**What is expected**:
Only one stretch of the material below is wanted: everything from the line containing "Du khách tham" down to the line containing "1月17日上午,省七届人大四次会议记者招待会(第二场)。图为记者在招待会上提问。海南日报全媒体记者 封烁 摄", both ends included. Repeat it exactly and skip the pictures.

**Given records**:
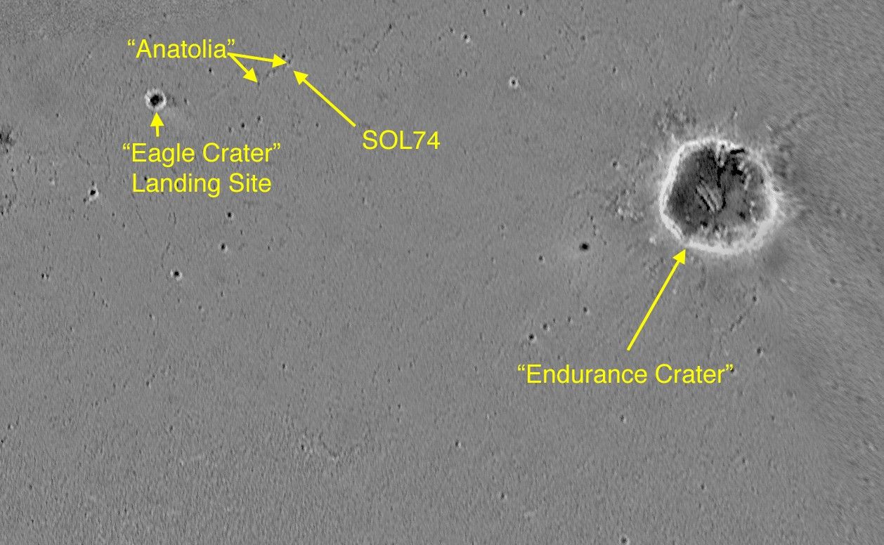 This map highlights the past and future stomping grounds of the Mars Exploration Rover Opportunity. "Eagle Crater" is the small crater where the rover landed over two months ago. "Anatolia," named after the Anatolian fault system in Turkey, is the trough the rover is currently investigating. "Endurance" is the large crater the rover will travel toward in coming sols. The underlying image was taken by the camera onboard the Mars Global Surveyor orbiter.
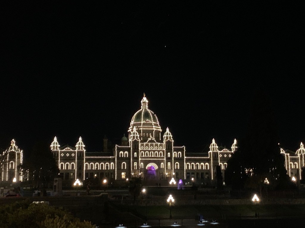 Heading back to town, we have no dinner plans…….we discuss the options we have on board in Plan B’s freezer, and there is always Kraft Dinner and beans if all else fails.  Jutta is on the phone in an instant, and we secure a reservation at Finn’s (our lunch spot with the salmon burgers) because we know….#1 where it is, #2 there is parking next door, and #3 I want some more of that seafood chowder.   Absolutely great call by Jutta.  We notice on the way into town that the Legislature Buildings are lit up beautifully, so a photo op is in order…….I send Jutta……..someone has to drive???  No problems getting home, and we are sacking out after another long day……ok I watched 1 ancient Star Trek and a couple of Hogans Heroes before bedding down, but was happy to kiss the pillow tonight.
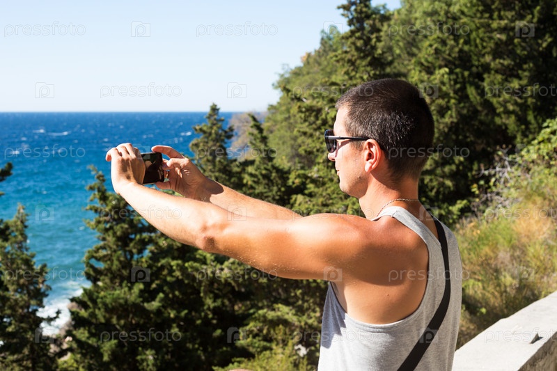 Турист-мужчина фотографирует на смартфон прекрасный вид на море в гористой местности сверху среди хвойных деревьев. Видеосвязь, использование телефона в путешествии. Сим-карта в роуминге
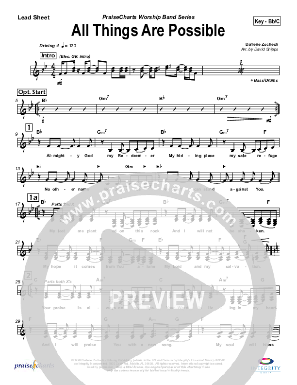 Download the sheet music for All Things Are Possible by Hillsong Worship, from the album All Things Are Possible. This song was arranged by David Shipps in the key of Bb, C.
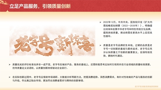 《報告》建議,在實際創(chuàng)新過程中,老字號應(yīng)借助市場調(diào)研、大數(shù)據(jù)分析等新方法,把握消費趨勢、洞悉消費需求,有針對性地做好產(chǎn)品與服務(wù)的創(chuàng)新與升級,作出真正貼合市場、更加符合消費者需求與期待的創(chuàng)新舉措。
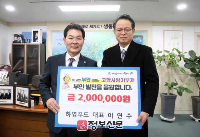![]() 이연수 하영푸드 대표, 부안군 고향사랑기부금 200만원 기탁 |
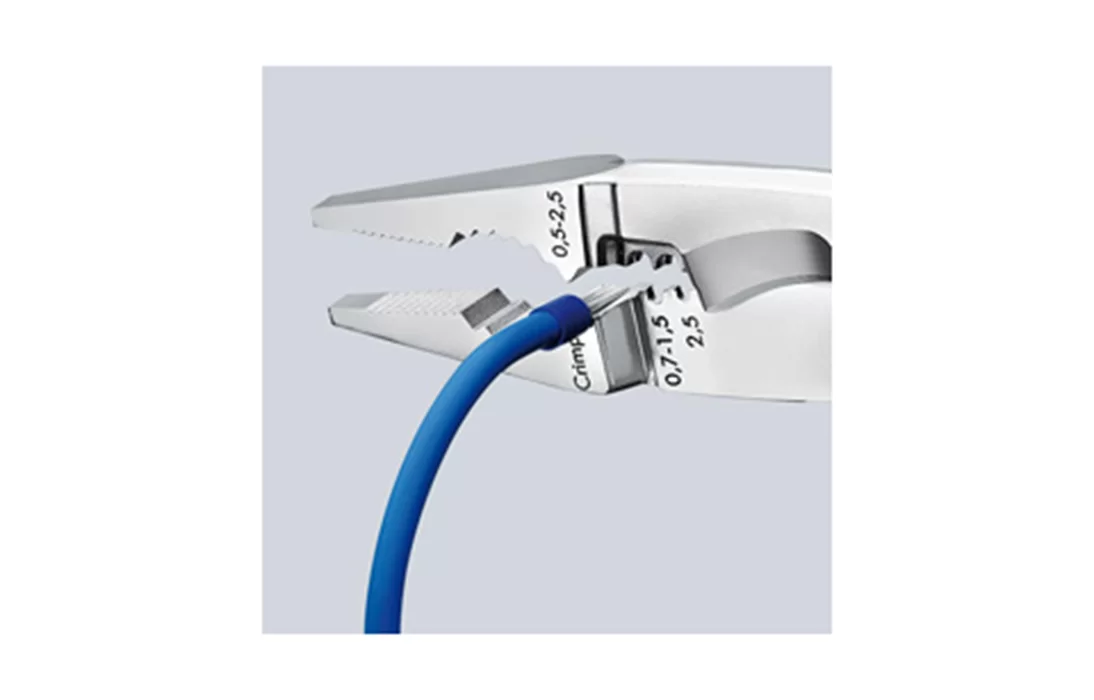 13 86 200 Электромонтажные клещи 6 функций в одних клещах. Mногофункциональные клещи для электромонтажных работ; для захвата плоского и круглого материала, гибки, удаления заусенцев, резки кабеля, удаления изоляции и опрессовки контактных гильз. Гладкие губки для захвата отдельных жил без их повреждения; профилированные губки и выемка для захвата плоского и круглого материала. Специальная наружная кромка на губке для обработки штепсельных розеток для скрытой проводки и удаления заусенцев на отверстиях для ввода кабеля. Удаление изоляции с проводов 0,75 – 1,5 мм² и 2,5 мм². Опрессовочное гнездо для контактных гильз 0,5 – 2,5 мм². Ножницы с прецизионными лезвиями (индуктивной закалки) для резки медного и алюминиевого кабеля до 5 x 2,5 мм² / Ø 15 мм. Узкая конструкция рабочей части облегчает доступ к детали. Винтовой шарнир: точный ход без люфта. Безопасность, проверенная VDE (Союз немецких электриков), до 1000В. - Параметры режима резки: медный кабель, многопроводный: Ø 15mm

==

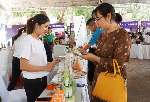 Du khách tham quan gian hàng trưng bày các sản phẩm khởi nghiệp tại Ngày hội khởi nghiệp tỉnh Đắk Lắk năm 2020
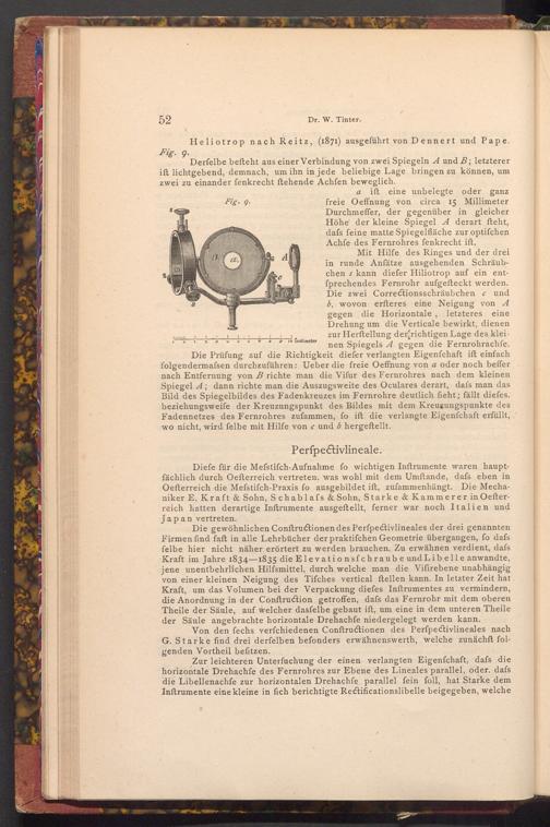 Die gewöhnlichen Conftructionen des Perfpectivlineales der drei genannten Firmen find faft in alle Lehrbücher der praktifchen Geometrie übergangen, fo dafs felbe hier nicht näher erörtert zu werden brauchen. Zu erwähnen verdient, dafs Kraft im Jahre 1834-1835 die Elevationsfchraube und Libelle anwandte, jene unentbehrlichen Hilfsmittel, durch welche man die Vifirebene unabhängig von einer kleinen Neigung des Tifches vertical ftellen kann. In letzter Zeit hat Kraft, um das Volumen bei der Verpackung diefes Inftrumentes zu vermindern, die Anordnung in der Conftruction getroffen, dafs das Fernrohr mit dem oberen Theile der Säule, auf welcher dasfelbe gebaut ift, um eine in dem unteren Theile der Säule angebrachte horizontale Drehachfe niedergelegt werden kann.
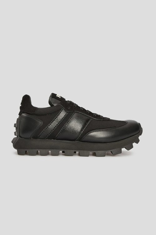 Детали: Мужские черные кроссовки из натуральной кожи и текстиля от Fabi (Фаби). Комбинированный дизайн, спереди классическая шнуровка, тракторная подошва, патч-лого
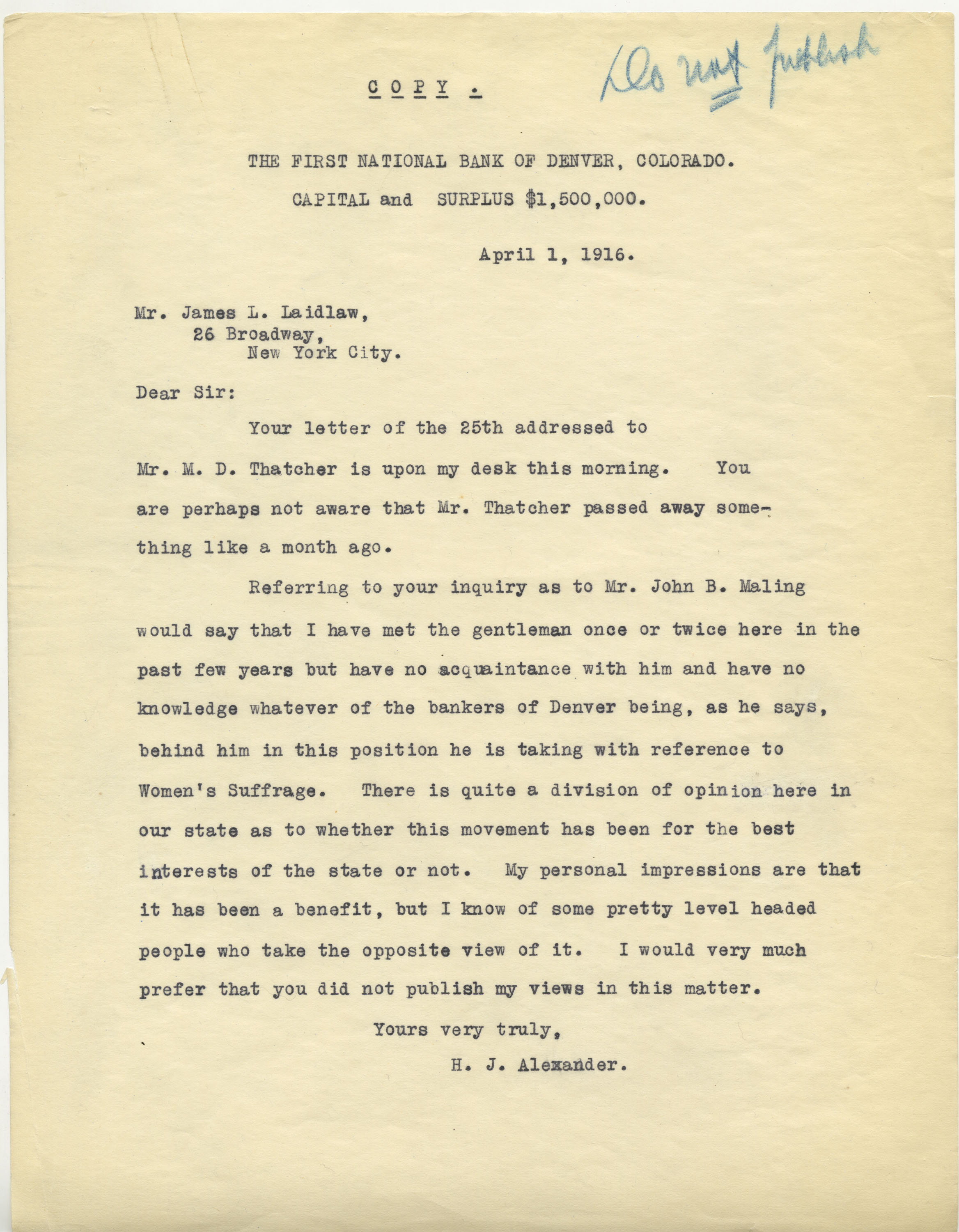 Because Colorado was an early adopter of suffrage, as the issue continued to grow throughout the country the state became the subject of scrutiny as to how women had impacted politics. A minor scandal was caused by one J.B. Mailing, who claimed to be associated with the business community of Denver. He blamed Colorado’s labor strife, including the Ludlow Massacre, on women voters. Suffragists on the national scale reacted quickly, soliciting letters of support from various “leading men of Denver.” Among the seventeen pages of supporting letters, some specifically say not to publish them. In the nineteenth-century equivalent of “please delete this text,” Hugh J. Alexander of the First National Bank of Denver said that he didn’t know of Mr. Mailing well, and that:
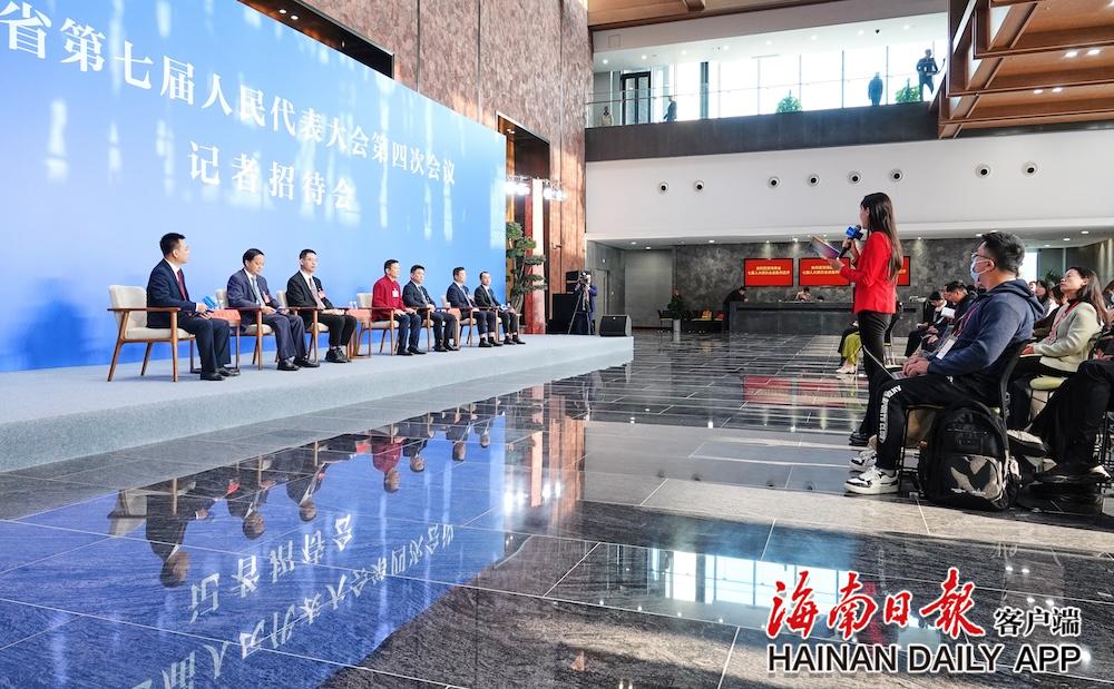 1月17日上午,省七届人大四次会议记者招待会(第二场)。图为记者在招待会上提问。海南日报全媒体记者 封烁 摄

**Solution to the exercise**:
 Du khách tham quan gian hàng trưng bày các sản phẩm khởi nghiệp tại Ngày hội khởi nghiệp tỉnh Đắk Lắk năm 2020
 Die gewöhnlichen Conftructionen des Perfpectivlineales der drei genannten Firmen find faft in alle Lehrbücher der praktifchen Geometrie übergangen, fo dafs felbe hier nicht näher erörtert zu werden brauchen. Zu erwähnen verdient, dafs Kraft im Jahre 1834-1835 die Elevationsfchraube und Libelle anwandte, jene unentbehrlichen Hilfsmittel, durch welche man die Vifirebene unabhängig von einer kleinen Neigung des Tifches vertical ftellen kann. In letzter Zeit hat Kraft, um das Volumen bei der Verpackung diefes Inftrumentes zu vermindern, die Anordnung in der Conftruction getroffen, dafs das Fernrohr mit dem oberen Theile der Säule, auf welcher dasfelbe gebaut ift, um eine in dem unteren Theile der Säule angebrachte horizontale Drehachfe niedergelegt werden kann.
 Детали: Мужские черные кроссовки из натуральной кожи и текстиля от Fabi (Фаби). Комбинированный дизайн, спереди классическая шнуровка, тракторная подошва, патч-лого
 Because Colorado was an early adopter of suffrage, as the issue continued to grow throughout the country the state became the subject of scrutiny as to how women had impacted politics. A minor scandal was caused by one J.B. Mailing, who claimed to be associated with the business community of Denver. He blamed Colorado’s labor strife, including the Ludlow Massacre, on women voters. Suffragists on the national scale reacted quickly, soliciting letters of support from various “leading men of Denver.” Among the seventeen pages of supporting letters, some specifically say not to publish them. In the nineteenth-century equivalent of “please delete this text,” Hugh J. Alexander of the First National Bank of Denver said that he didn’t know of Mr. Mailing well, and that:
 1月17日上午,省七届人大四次会议记者招待会(第二场)。图为记者在招待会上提问。海南日报全媒体记者 封烁 摄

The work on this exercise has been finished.